**Required action**. Word for word, restate the records that come next, omitting the images.

**Source data**.
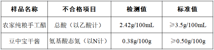 《食品安全國家標(biāo)準(zhǔn) 食醋》(GB 2719—2018)中規(guī)定,食醋中總酸(以乙酸計(jì))≥3.5g/100mL,該批次產(chǎn)品中總酸(以乙酸計(jì))檢測值既不符合食品安全國家標(biāo)準(zhǔn)規(guī)定,也不符合標(biāo)簽明示值規(guī)定“總酸≥3.5g/100mL”。
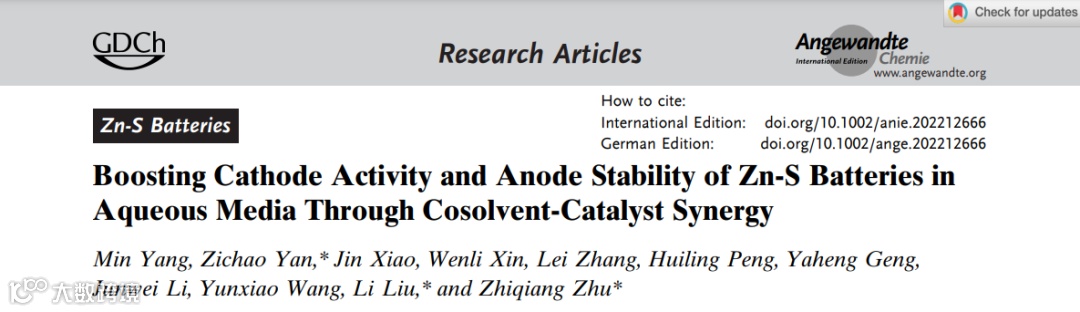 基于此,湖南大学朱智强教授、颜子超助理教授与湘潭大学刘黎教授合作,在国际知名期刊 Angew. Chem. Int. Ed. 上发表题为“Boosting Cathode Activity and Anode Stability of Zn-S Batteries in Aqueous Media Through Cosolvent-Catalyst Synergy”的研究论文。
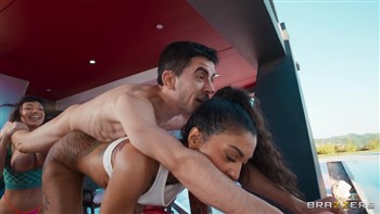 Ravyn Alexa and Little Puck crack wise before their shoot, make out a little bit, then decide the studio is a little draughty. They step outside, and who do they see? Jordi El Niño Polla! Flipping a lusty switch and wasting no time, the duo coax out his cock, throat it, and mash it between their tits – phenomenal teamwork. Unique and athletic positions (seriously, what do you call that one at the 6-minute mark?) before it’s time for these eager pussies to get railed on the couch. Superman, titfucking, facesitting, double-decker pussy pounding – achieved with boundless raunchy creativity capped off only with a messy tongue-coating gobs of cum. The great outdoors – remember to get out and enjoy nature once in a while.
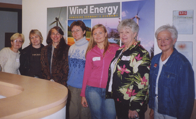 At NRG Systems in Hinesburg, delegates saw how a LEED-certified factory building is both environmentally sound and healthy for its human inhabitants. NRG Systems, producers of wind measuring systems for wind turbines, is dedicated to 'walking the talk' about sustainable development, and educating the public about the economic as well as environmental benefits of wind and solar power. Marguerite Griffiths, International Sales Manager for NRG, is at the right.
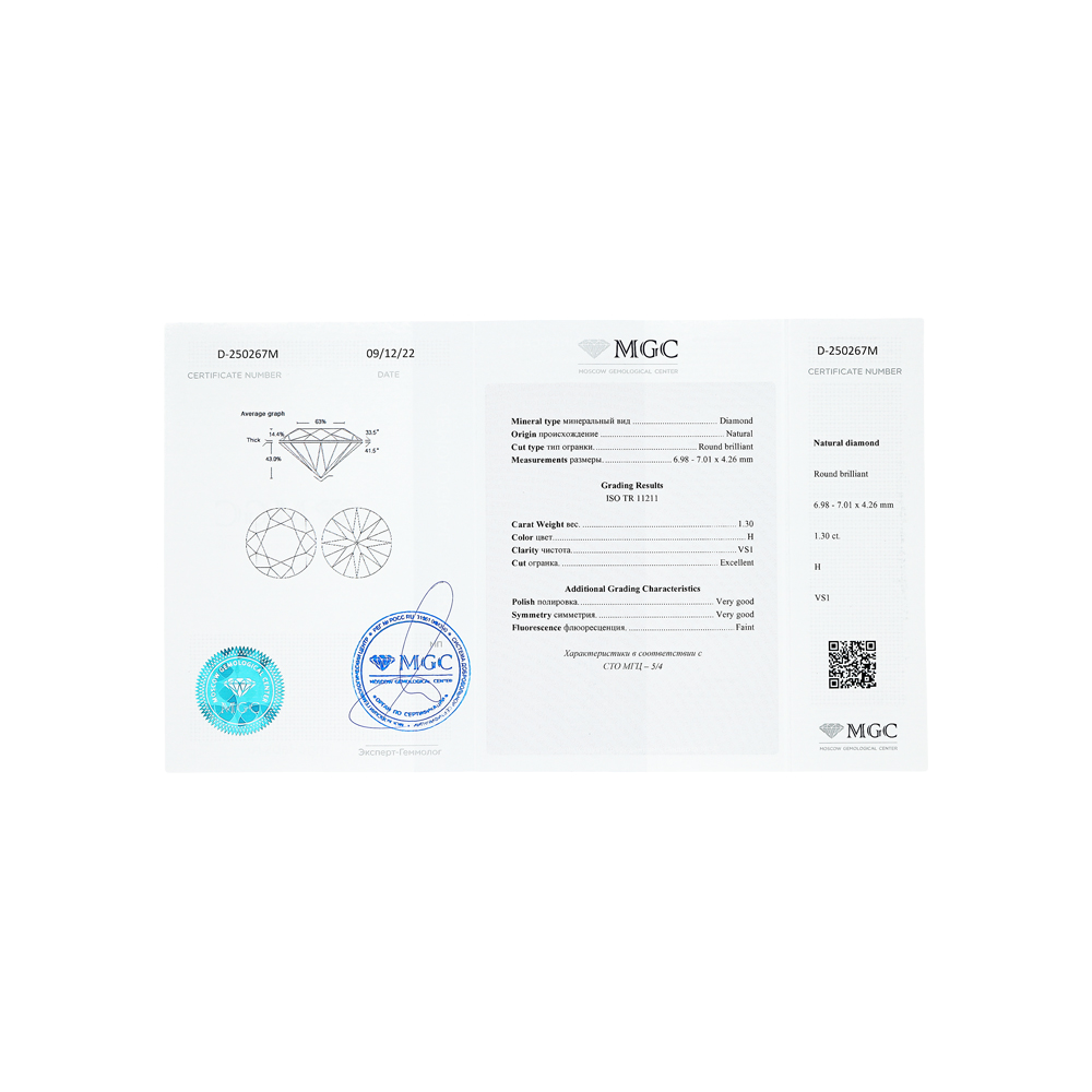 • Кольцо с 1 бриллиантом природным, 1.25 карат, огранка круг 57 граней, цвет 5, чистота 4, тип огранки А;
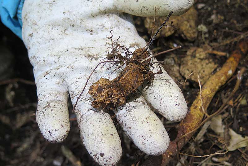 福岡さんです。絡まる根と格闘しています。
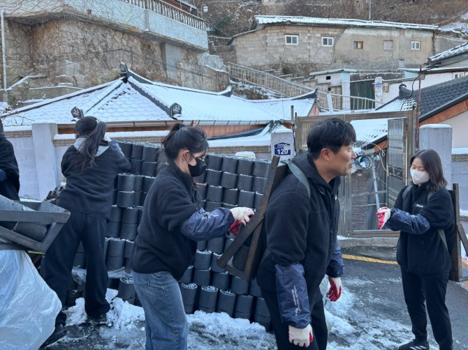 올해 봉사활동은 연탄과 난방유, 불법사금융 피해 예방 홍보물품 패키지 등을 홍제동 개미마을 취약가구에 전달하는 방식으로 진행됐다. 개미마을은 1970년대 형성된 노후 밀집주거지로, 난방 인프라가 부족해 겨울철 난방비 부담이 큰 지역이다.
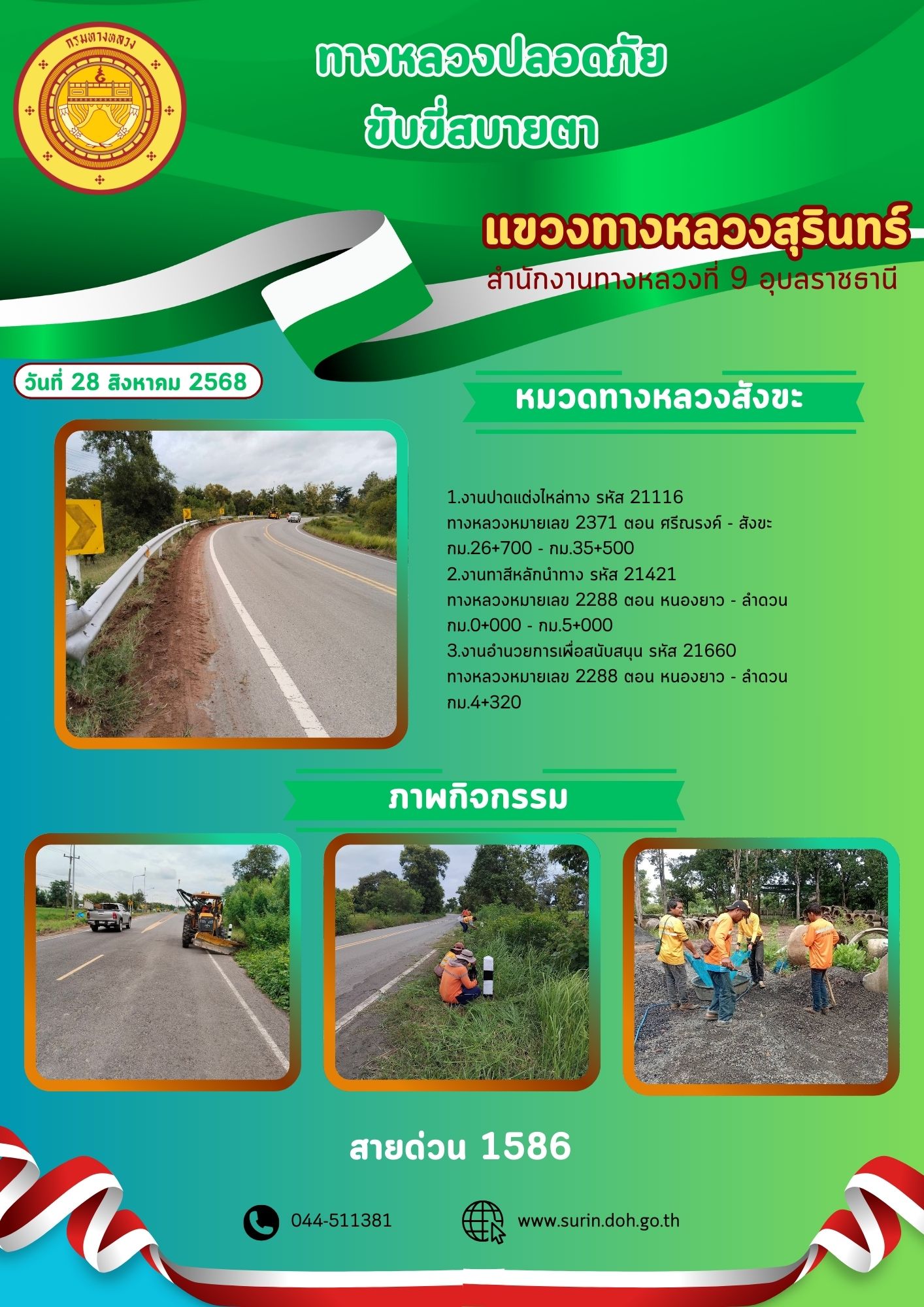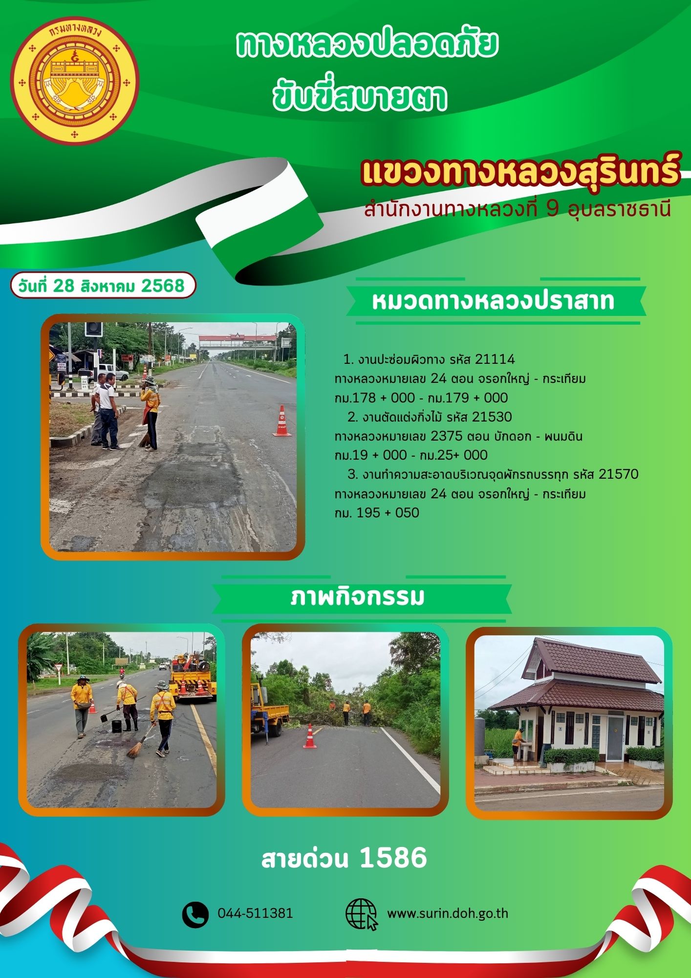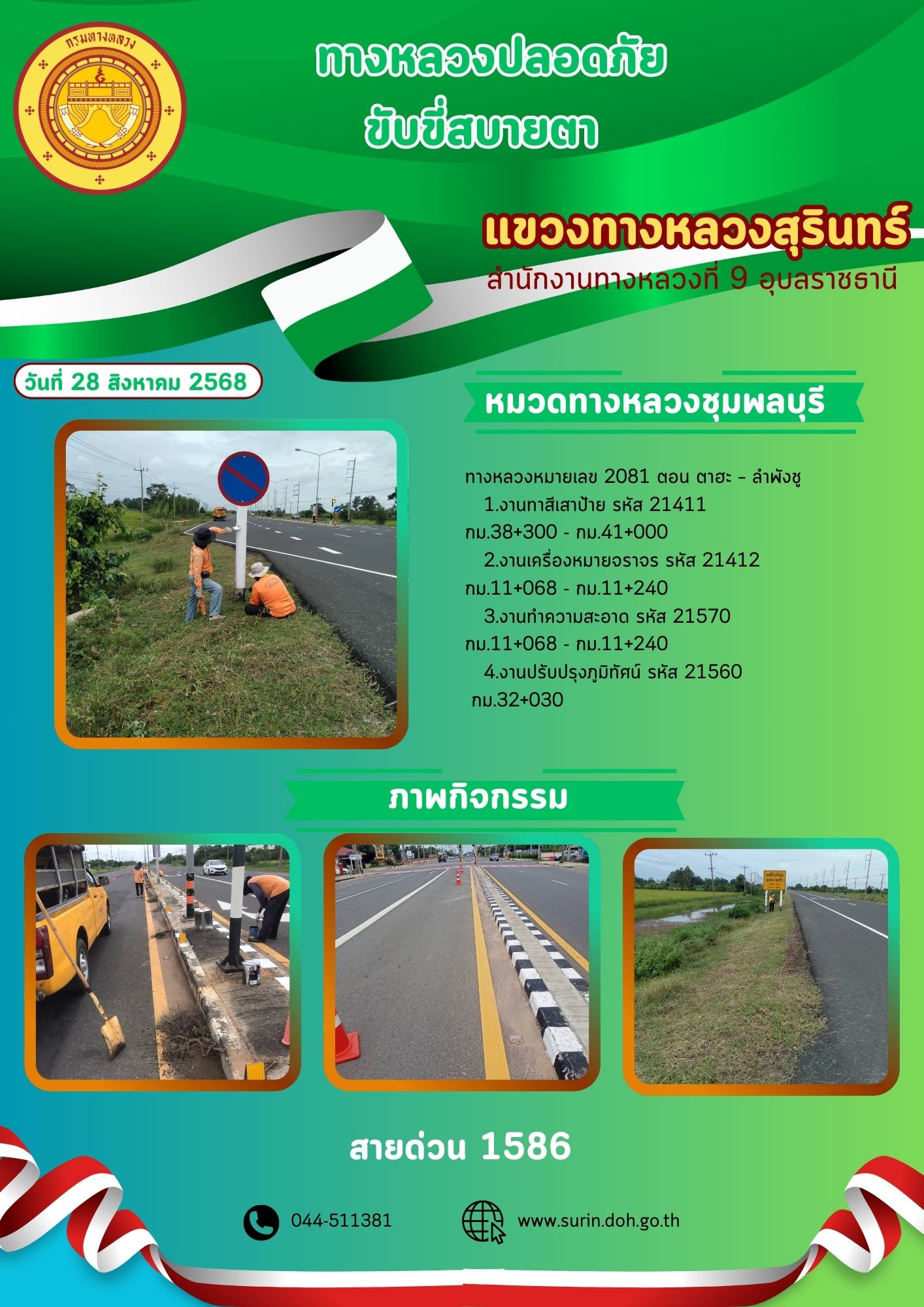 ข้อมูลข่าว : ทางหลวงปลอดภัย ขับขี่สบายตา 28 สิงหาคม 2568

**Written reply**.
 《食品安全國家標(biāo)準(zhǔn) 食醋》(GB 2719—2018)中規(guī)定,食醋中總酸(以乙酸計(jì))≥3.5g/100mL,該批次產(chǎn)品中總酸(以乙酸計(jì))檢測值既不符合食品安全國家標(biāo)準(zhǔn)規(guī)定,也不符合標(biāo)簽明示值規(guī)定“總酸≥3.5g/100mL”。
 基于此,湖南大学朱智强教授、颜子超助理教授与湘潭大学刘黎教授合作,在国际知名期刊 Angew. Chem. Int. Ed. 上发表题为“Boosting Cathode Activity and Anode Stability of Zn-S Batteries in Aqueous Media Through Cosolvent-Catalyst Synergy”的研究论文。
 Ravyn Alexa and Little Puck crack wise before their shoot, make out a little bit, then decide the studio is a little draughty. They step outside, and who do they see? Jordi El Niño Polla! Flipping a lusty switch and wasting no time, the duo coax out his cock, throat it, and mash it between their tits – phenomenal teamwork. Unique and athletic positions (seriously, what do you call that one at the 6-minute mark?) before it’s time for these eager pussies to get railed on the couch. Superman, titfucking, facesitting, double-decker pussy pounding – achieved with boundless raunchy creativity capped off only with a messy tongue-coating gobs of cum. The great outdoors – remember to get out and enjoy nature once in a while.
 At NRG Systems in Hinesburg, delegates saw how a LEED-certified factory building is both environmentally sound and healthy for its human inhabitants. NRG Systems, producers of wind measuring systems for wind turbines, is dedicated to 'walking the talk' about sustainable development, and educating the public about the economic as well as environmental benefits of wind and solar power. Marguerite Griffiths, International Sales Manager for NRG, is at the right.
 • Кольцо с 1 бриллиантом природным, 1.25 карат, огранка круг 57 граней, цвет 5, чистота 4, тип огранки А;
 福岡さんです。絡まる根と格闘しています。
 올해 봉사활동은 연탄과 난방유, 불법사금융 피해 예방 홍보물품 패키지 등을 홍제동 개미마을 취약가구에 전달하는 방식으로 진행됐다. 개미마을은 1970년대 형성된 노후 밀집주거지로, 난방 인프라가 부족해 겨울철 난방비 부담이 큰 지역이다.
 ข้อมูลข่าว : ทางหลวงปลอดภัย ขับขี่สบายตา 28 สิงหาคม 2568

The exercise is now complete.